#### [THE INPUT]
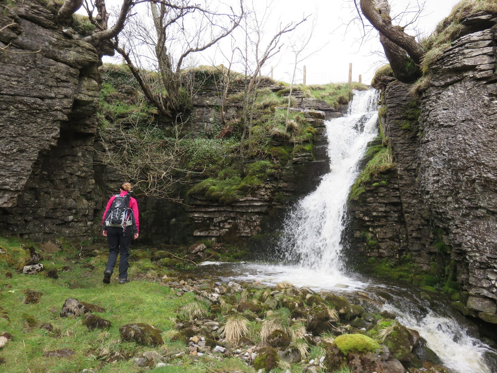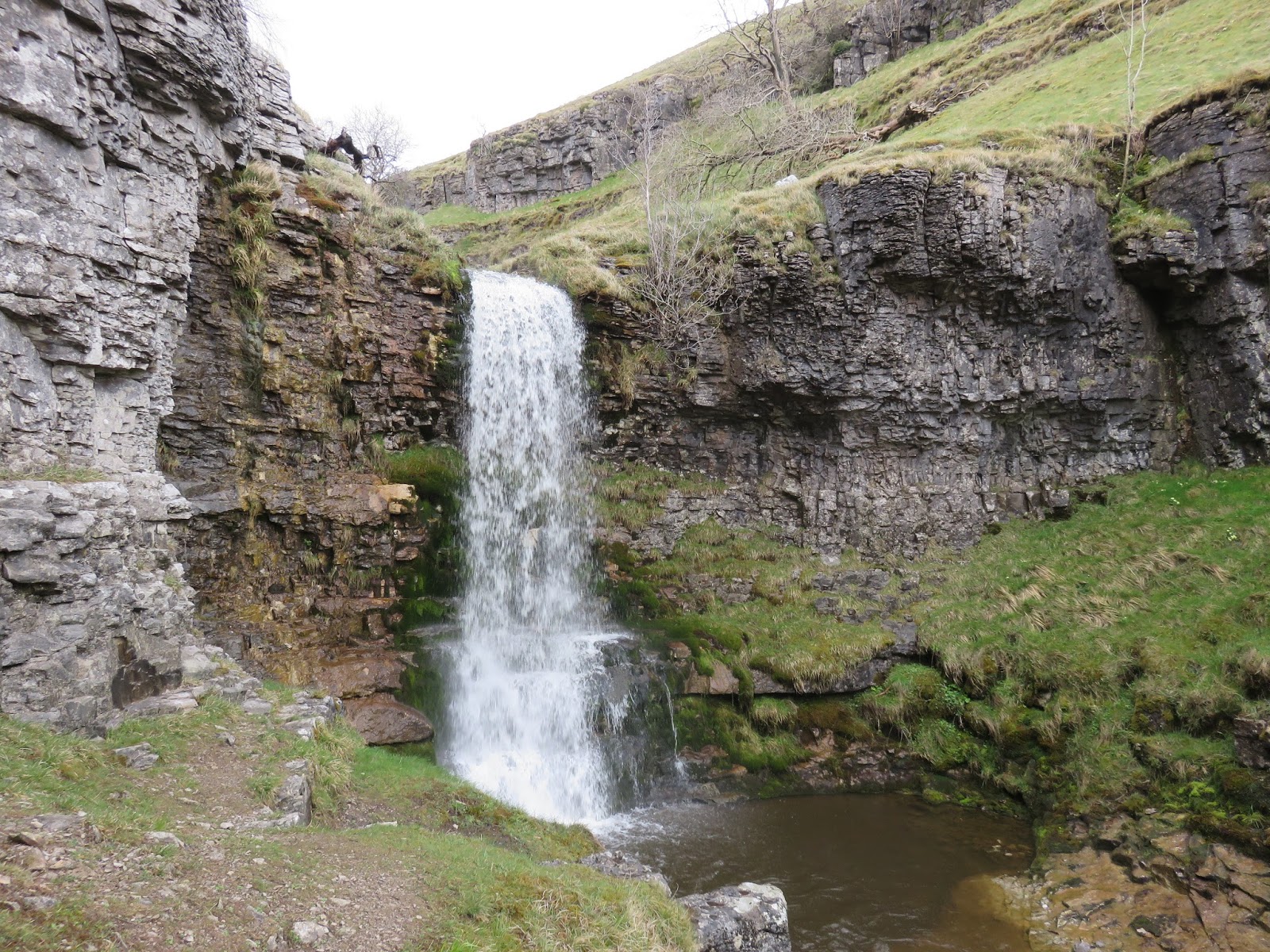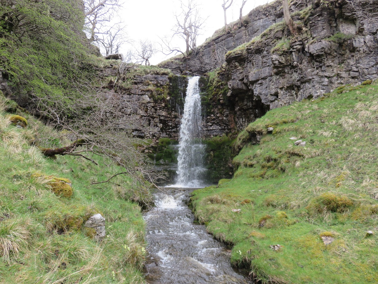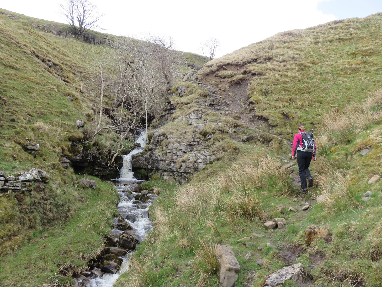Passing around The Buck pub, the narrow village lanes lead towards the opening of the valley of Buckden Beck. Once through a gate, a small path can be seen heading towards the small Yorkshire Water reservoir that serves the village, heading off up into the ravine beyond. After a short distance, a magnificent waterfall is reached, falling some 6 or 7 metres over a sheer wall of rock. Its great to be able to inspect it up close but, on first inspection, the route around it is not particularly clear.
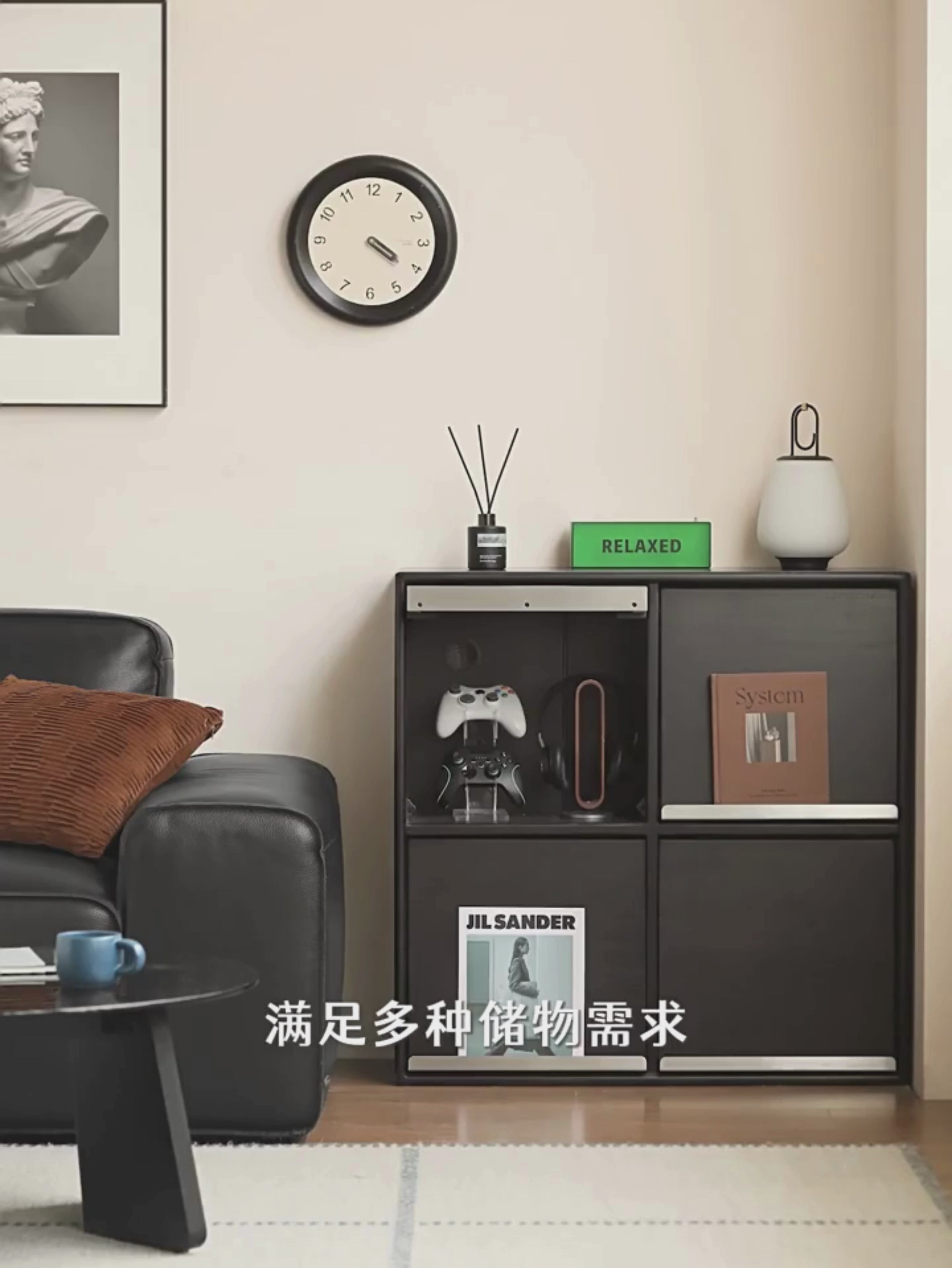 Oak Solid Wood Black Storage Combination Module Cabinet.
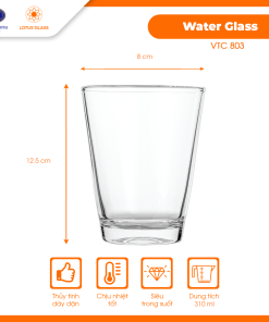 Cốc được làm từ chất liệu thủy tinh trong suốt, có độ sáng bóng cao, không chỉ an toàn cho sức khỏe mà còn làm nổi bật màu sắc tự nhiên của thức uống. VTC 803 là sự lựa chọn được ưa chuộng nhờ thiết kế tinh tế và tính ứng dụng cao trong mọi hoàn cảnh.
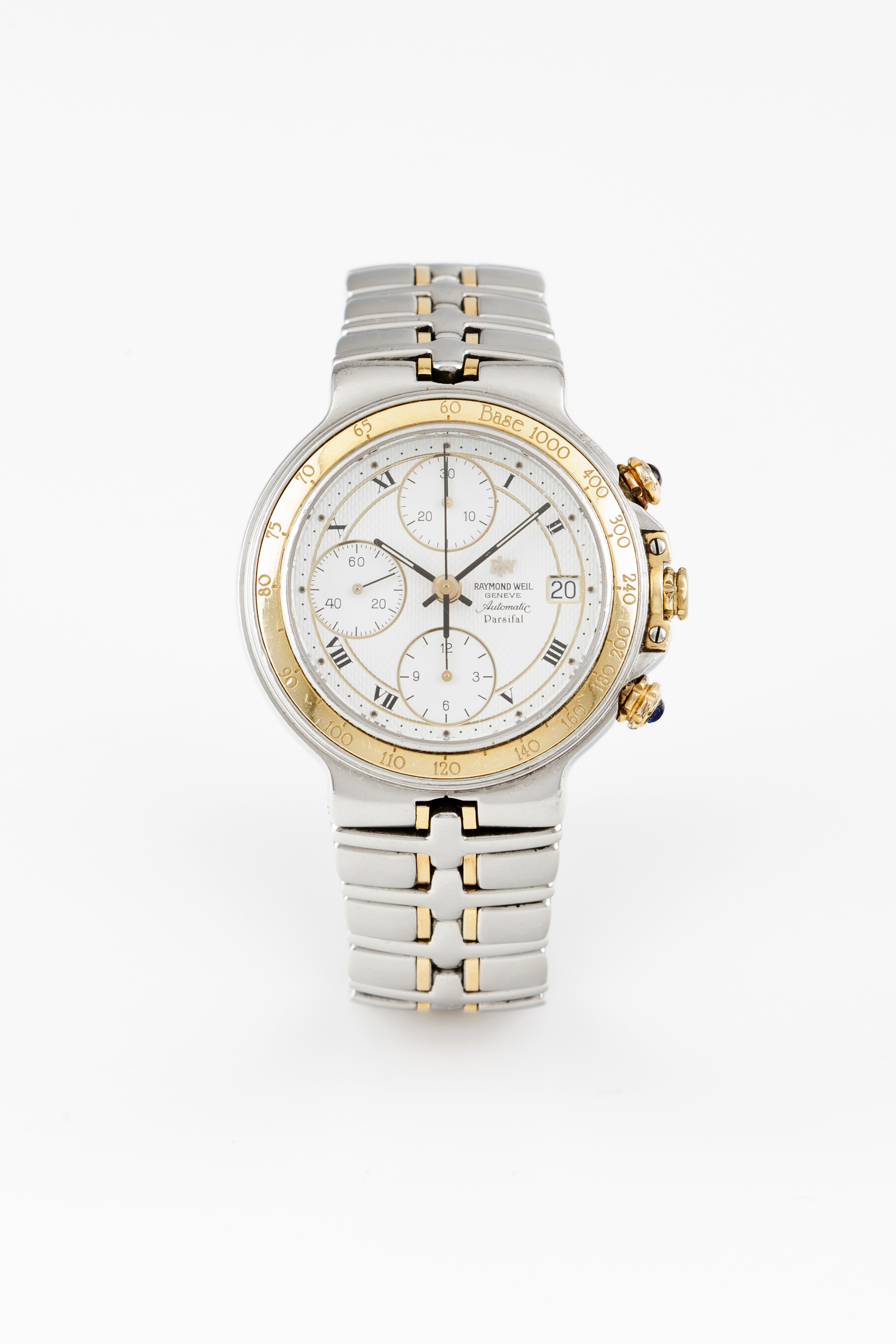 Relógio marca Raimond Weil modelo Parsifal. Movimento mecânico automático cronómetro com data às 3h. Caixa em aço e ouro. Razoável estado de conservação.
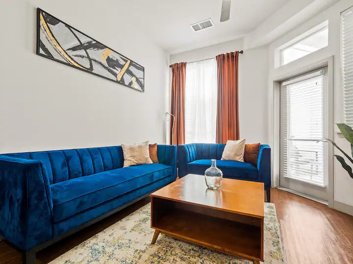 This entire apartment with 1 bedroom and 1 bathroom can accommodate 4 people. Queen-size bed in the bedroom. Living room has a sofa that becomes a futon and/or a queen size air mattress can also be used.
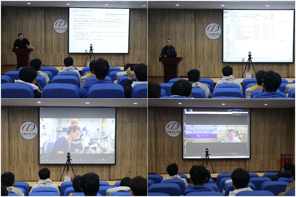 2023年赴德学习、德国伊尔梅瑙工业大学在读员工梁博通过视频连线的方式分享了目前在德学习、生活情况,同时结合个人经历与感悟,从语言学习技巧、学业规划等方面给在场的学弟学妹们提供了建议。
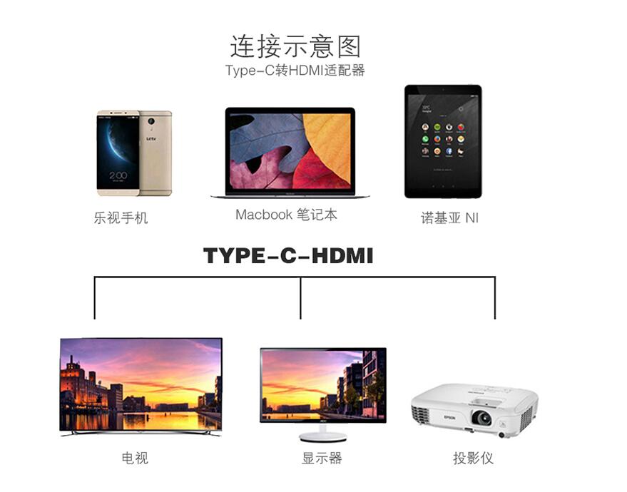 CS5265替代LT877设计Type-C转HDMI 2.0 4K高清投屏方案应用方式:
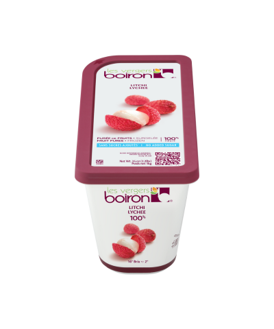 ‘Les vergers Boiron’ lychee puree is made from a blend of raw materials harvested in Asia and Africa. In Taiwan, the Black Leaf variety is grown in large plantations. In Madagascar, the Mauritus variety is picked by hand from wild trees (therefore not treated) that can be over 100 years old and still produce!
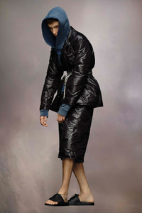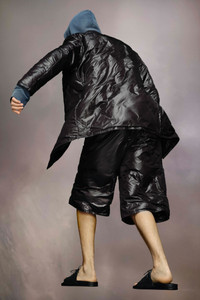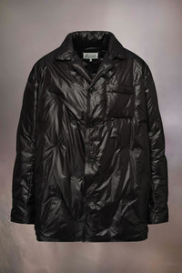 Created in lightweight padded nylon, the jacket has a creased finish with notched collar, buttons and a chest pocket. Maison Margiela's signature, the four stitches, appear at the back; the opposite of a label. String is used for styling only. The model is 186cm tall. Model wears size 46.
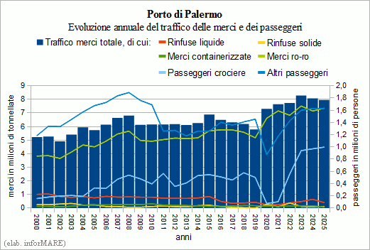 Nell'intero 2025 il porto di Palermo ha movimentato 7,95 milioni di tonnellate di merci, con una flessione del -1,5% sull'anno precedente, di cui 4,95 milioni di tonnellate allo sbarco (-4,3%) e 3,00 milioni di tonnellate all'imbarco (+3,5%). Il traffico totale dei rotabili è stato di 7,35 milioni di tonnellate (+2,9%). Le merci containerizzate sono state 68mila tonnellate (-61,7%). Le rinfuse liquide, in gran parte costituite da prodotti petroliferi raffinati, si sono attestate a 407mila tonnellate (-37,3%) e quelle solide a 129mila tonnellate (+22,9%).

#### [WORK ITEM]
Transcribe each of the records above precisely, with no pictures in the copy.

#### [SOLUTION FOR THIS TASK]
Passing around The Buck pub, the narrow village lanes lead towards the opening of the valley of Buckden Beck. Once through a gate, a small path can be seen heading towards the small Yorkshire Water reservoir that serves the village, heading off up into the ravine beyond. After a short distance, a magnificent waterfall is reached, falling some 6 or 7 metres over a sheer wall of rock. Its great to be able to inspect it up close but, on first inspection, the route around it is not particularly clear.
 Oak Solid Wood Black Storage Combination Module Cabinet.
 Cốc được làm từ chất liệu thủy tinh trong suốt, có độ sáng bóng cao, không chỉ an toàn cho sức khỏe mà còn làm nổi bật màu sắc tự nhiên của thức uống. VTC 803 là sự lựa chọn được ưa chuộng nhờ thiết kế tinh tế và tính ứng dụng cao trong mọi hoàn cảnh.
 Relógio marca Raimond Weil modelo Parsifal. Movimento mecânico automático cronómetro com data às 3h. Caixa em aço e ouro. Razoável estado de conservação.
 This entire apartment with 1 bedroom and 1 bathroom can accommodate 4 people. Queen-size bed in the bedroom. Living room has a sofa that becomes a futon and/or a queen size air mattress can also be used.
 2023年赴德学习、德国伊尔梅瑙工业大学在读员工梁博通过视频连线的方式分享了目前在德学习、生活情况,同时结合个人经历与感悟,从语言学习技巧、学业规划等方面给在场的学弟学妹们提供了建议。
 CS5265替代LT877设计Type-C转HDMI 2.0 4K高清投屏方案应用方式:
 ‘Les vergers Boiron’ lychee puree is made from a blend of raw materials harvested in Asia and Africa. In Taiwan, the Black Leaf variety is grown in large plantations. In Madagascar, the Mauritus variety is picked by hand from wild trees (therefore not treated) that can be over 100 years old and still produce!
 Created in lightweight padded nylon, the jacket has a creased finish with notched collar, buttons and a chest pocket. Maison Margiela's signature, the four stitches, appear at the back; the opposite of a label. String is used for styling only. The model is 186cm tall. Model wears size 46.
 Nell'intero 2025 il porto di Palermo ha movimentato 7,95 milioni di tonnellate di merci, con una flessione del -1,5% sull'anno precedente, di cui 4,95 milioni di tonnellate allo sbarco (-4,3%) e 3,00 milioni di tonnellate all'imbarco (+3,5%). Il traffico totale dei rotabili è stato di 7,35 milioni di tonnellate (+2,9%). Le merci containerizzate sono state 68mila tonnellate (-61,7%). Le rinfuse liquide, in gran parte costituite da prodotti petroliferi raffinati, si sono attestate a 407mila tonnellate (-37,3%) e quelle solide a 129mila tonnellate (+22,9%).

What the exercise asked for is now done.